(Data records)
━━━━━━━━━━
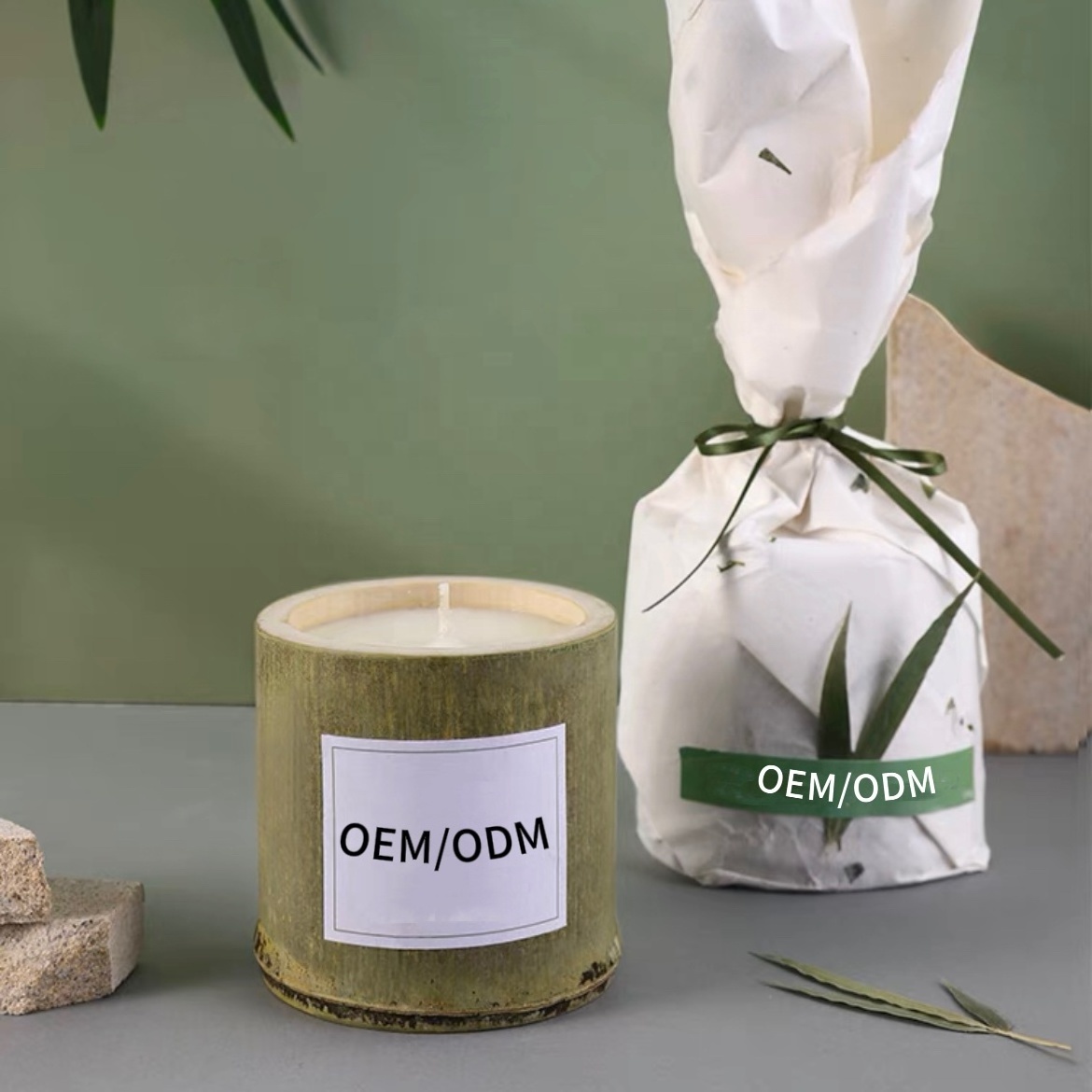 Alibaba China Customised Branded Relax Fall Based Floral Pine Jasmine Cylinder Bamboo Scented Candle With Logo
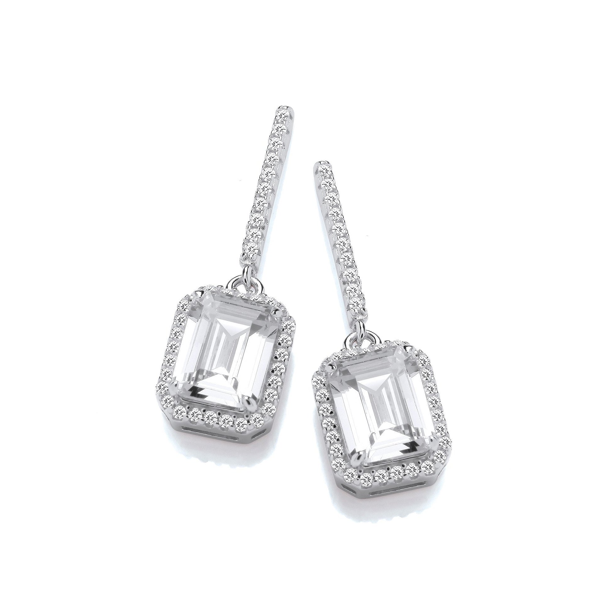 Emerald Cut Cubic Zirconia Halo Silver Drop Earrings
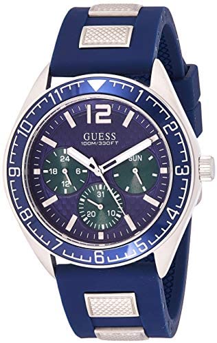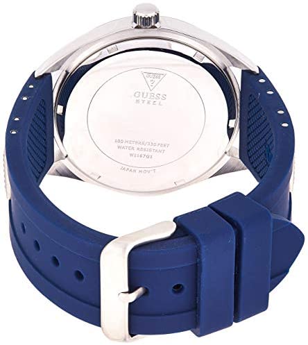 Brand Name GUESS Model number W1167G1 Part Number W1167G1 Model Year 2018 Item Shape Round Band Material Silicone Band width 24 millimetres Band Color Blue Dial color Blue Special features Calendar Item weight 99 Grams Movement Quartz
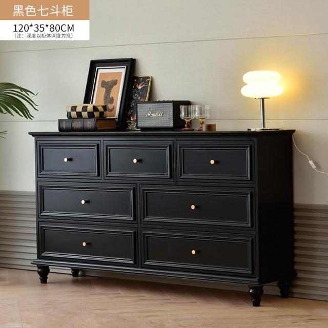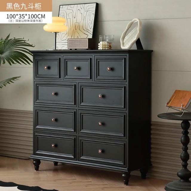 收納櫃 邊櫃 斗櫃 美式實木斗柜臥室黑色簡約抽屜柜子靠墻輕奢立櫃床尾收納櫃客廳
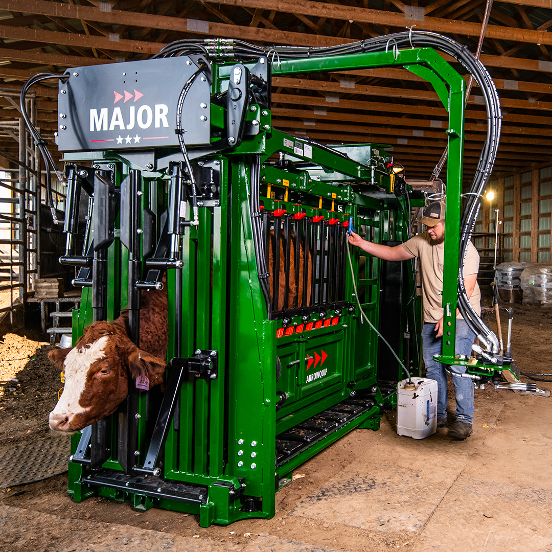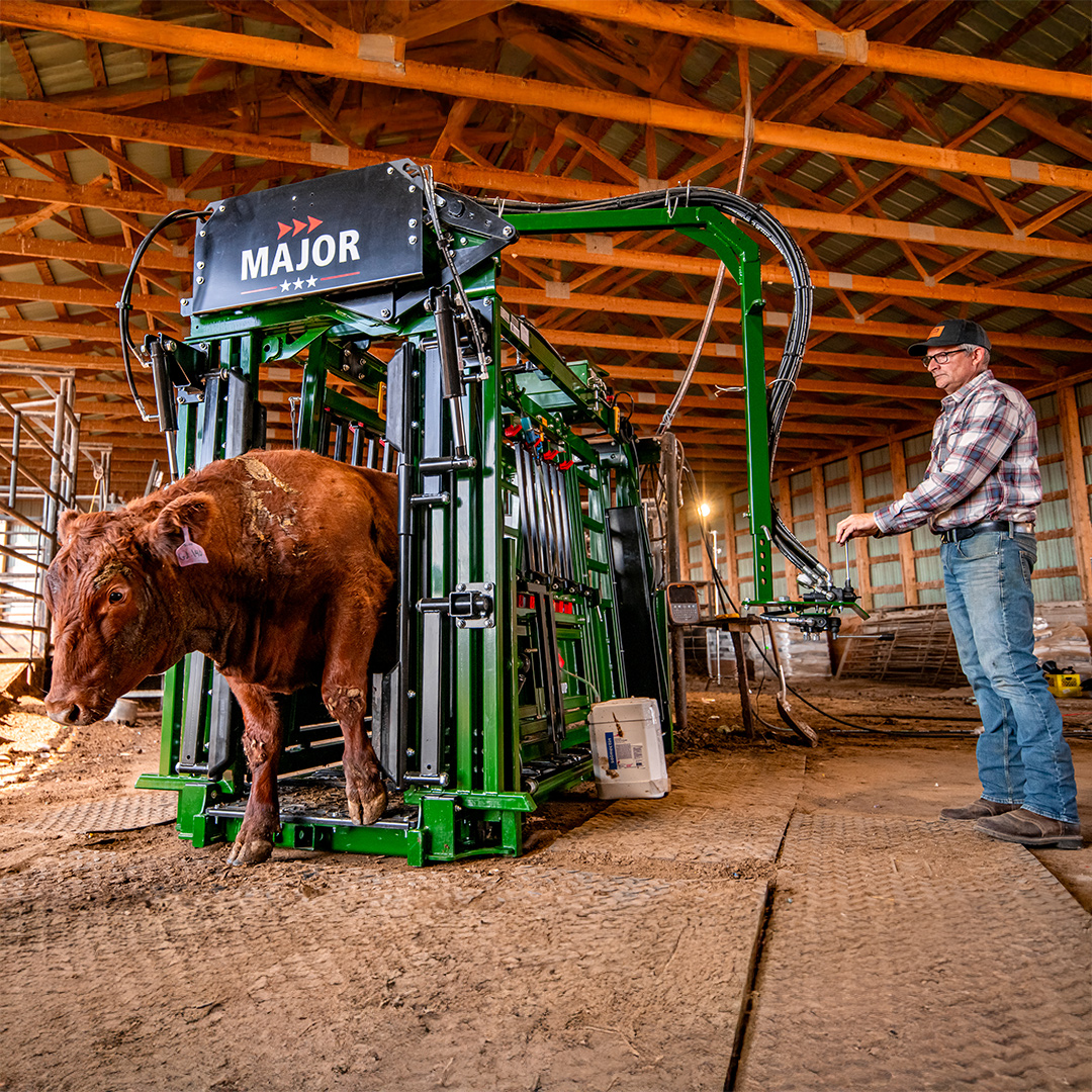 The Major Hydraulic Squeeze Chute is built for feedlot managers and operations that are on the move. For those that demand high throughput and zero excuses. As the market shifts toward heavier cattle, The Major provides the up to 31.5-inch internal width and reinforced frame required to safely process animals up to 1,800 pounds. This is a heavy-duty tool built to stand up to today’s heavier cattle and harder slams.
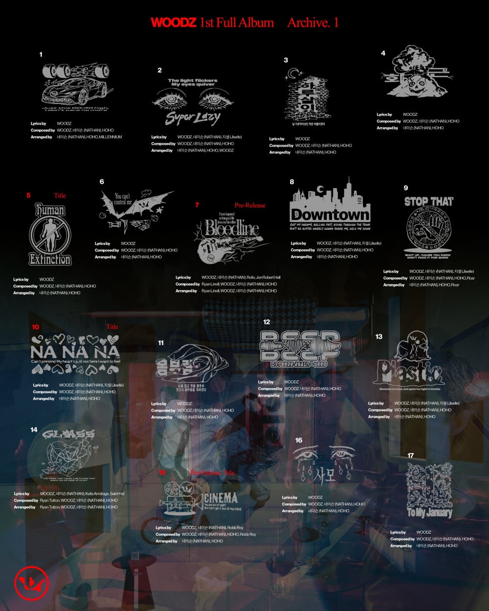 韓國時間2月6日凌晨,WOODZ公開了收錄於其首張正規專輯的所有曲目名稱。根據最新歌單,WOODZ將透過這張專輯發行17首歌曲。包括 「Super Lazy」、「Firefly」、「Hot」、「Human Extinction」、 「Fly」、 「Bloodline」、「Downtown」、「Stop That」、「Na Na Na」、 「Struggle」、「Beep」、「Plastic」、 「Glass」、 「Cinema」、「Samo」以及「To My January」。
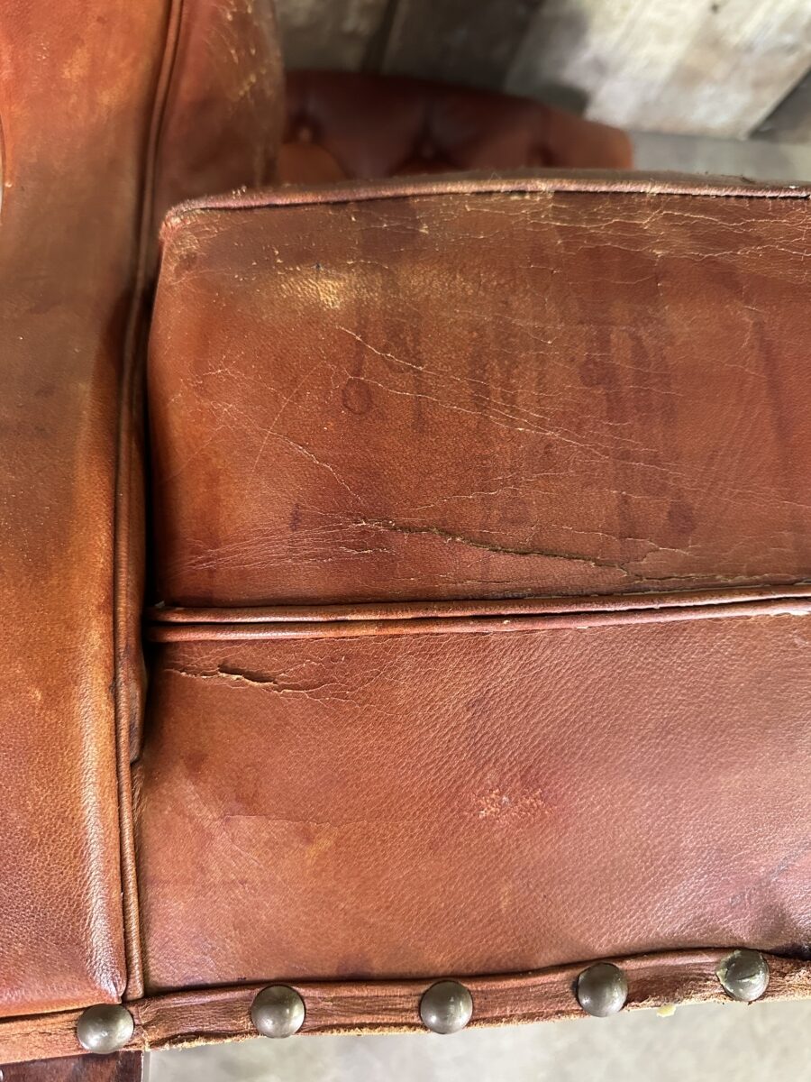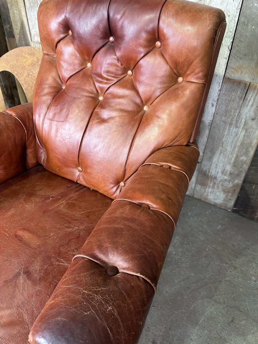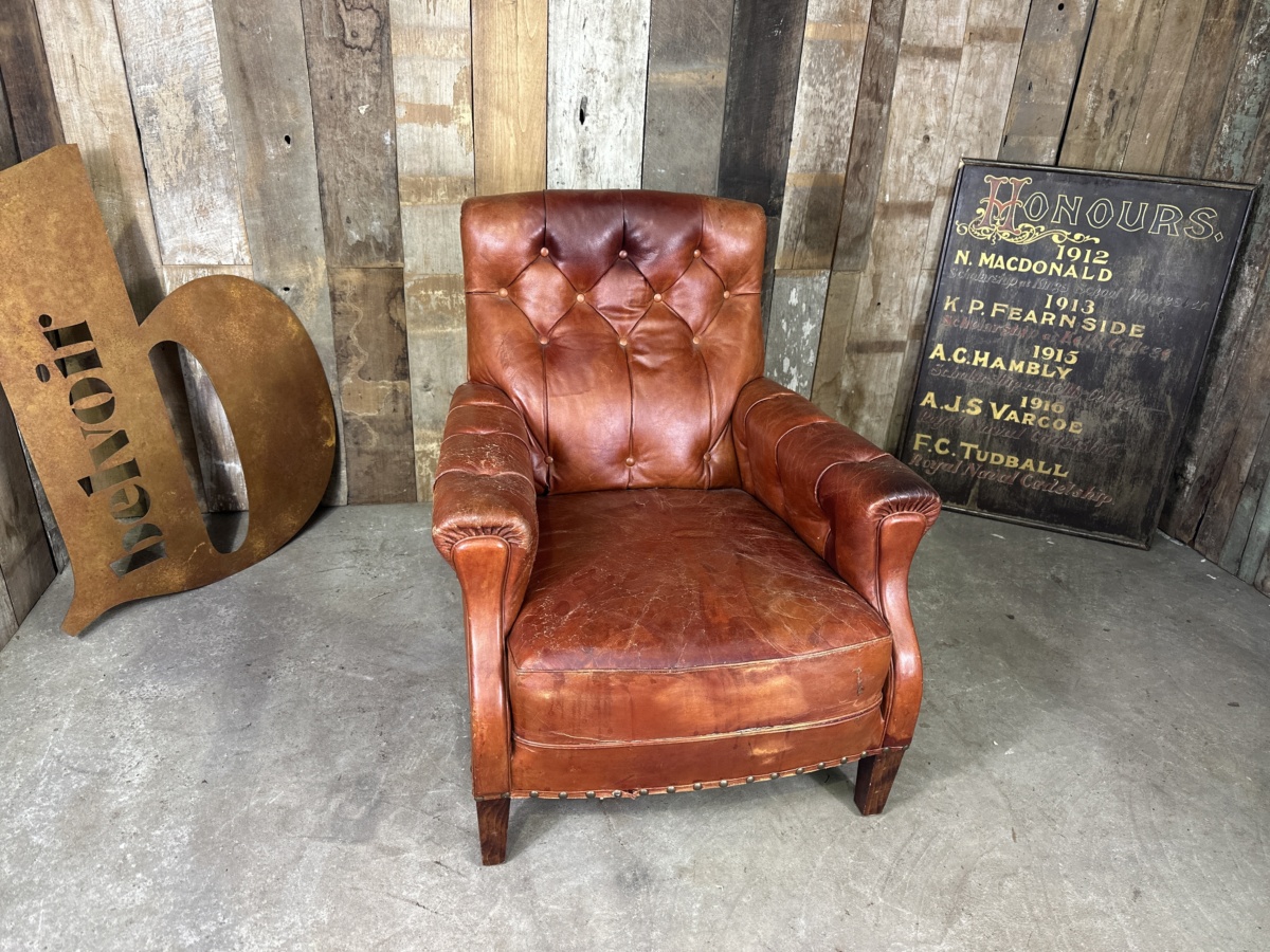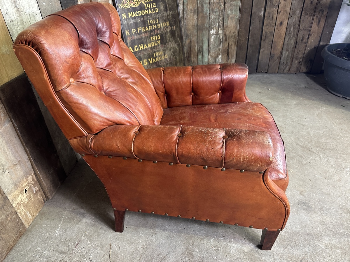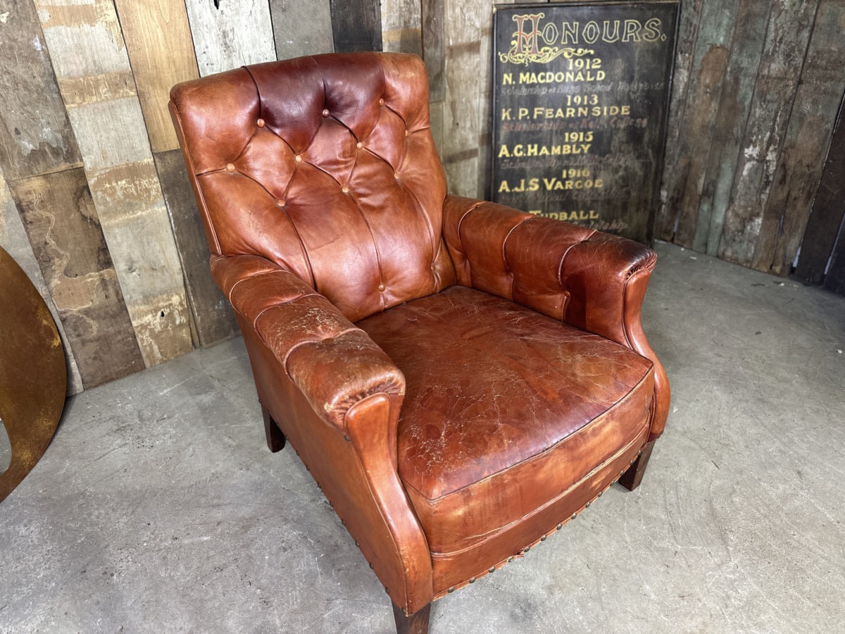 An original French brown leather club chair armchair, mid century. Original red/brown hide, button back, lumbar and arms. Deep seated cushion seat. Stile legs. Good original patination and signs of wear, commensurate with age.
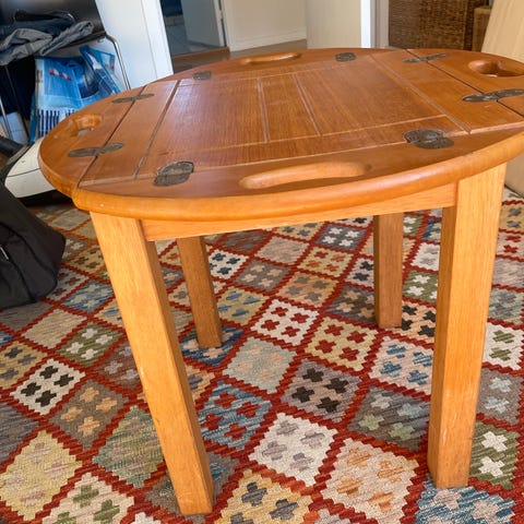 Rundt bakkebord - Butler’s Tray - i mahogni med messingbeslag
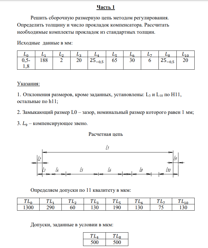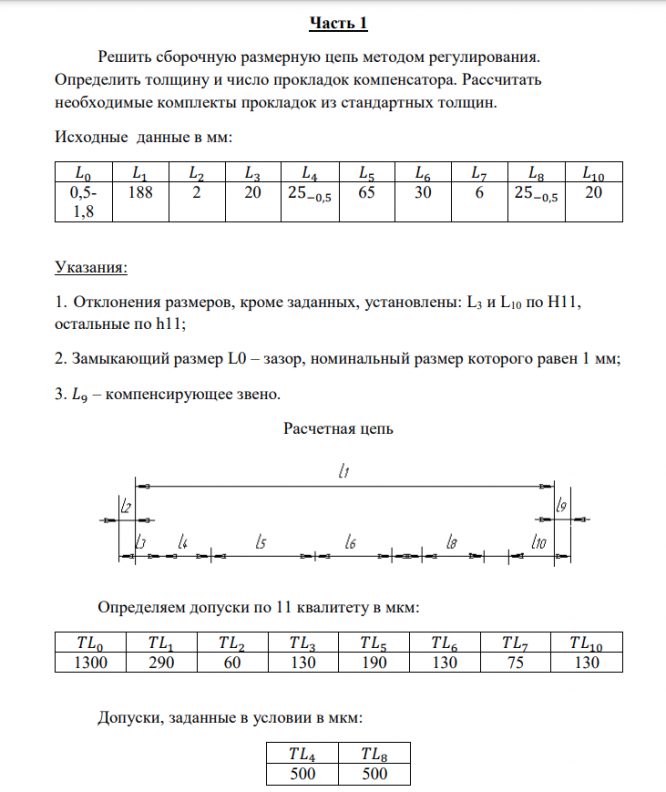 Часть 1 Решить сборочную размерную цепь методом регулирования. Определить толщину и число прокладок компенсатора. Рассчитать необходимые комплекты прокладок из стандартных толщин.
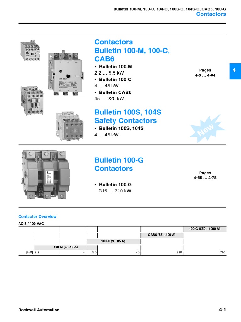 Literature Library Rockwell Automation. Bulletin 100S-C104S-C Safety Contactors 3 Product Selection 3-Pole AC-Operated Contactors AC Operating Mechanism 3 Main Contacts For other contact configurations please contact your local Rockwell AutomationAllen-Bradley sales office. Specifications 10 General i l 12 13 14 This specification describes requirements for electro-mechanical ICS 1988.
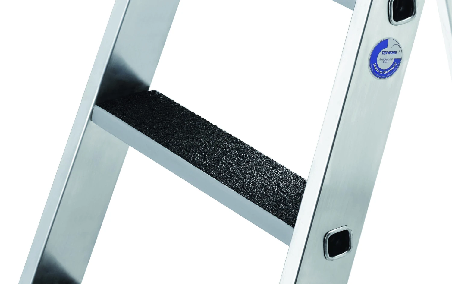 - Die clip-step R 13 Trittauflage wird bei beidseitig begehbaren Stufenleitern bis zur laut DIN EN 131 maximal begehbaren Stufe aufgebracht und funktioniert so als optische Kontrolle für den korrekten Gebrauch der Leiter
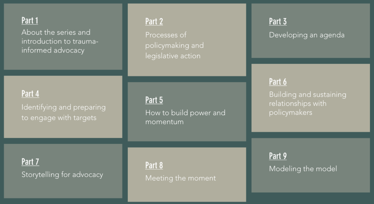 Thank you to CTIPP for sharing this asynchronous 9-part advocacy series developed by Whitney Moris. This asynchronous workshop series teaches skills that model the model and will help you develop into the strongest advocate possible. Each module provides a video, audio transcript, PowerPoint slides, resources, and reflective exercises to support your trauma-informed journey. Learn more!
━━━━━━━━━━
*Instructions to follow*
Return exactly the lines that appear in the data above between the line containing "收納櫃 邊櫃 斗櫃 美式實木斗柜臥室黑色簡約抽屜柜子靠墻輕奢立櫃床尾收納櫃客廳" and the line containing "Часть 1 Решить", both of which are included, and leave the pictures out.

*Answer for this exercise*
 收納櫃 邊櫃 斗櫃 美式實木斗柜臥室黑色簡約抽屜柜子靠墻輕奢立櫃床尾收納櫃客廳
 The Major Hydraulic Squeeze Chute is built for feedlot managers and operations that are on the move. For those that demand high throughput and zero excuses. As the market shifts toward heavier cattle, The Major provides the up to 31.5-inch internal width and reinforced frame required to safely process animals up to 1,800 pounds. This is a heavy-duty tool built to stand up to today’s heavier cattle and harder slams.
 韓國時間2月6日凌晨,WOODZ公開了收錄於其首張正規專輯的所有曲目名稱。根據最新歌單,WOODZ將透過這張專輯發行17首歌曲。包括 「Super Lazy」、「Firefly」、「Hot」、「Human Extinction」、 「Fly」、 「Bloodline」、「Downtown」、「Stop That」、「Na Na Na」、 「Struggle」、「Beep」、「Plastic」、 「Glass」、 「Cinema」、「Samo」以及「To My January」。
 An original French brown leather club chair armchair, mid century. Original red/brown hide, button back, lumbar and arms. Deep seated cushion seat. Stile legs. Good original patination and signs of wear, commensurate with age.
 Rundt bakkebord - Butler’s Tray - i mahogni med messingbeslag
 Часть 1 Решить сборочную размерную цепь методом регулирования. Определить толщину и число прокладок компенсатора. Рассчитать необходимые комплекты прокладок из стандартных толщин.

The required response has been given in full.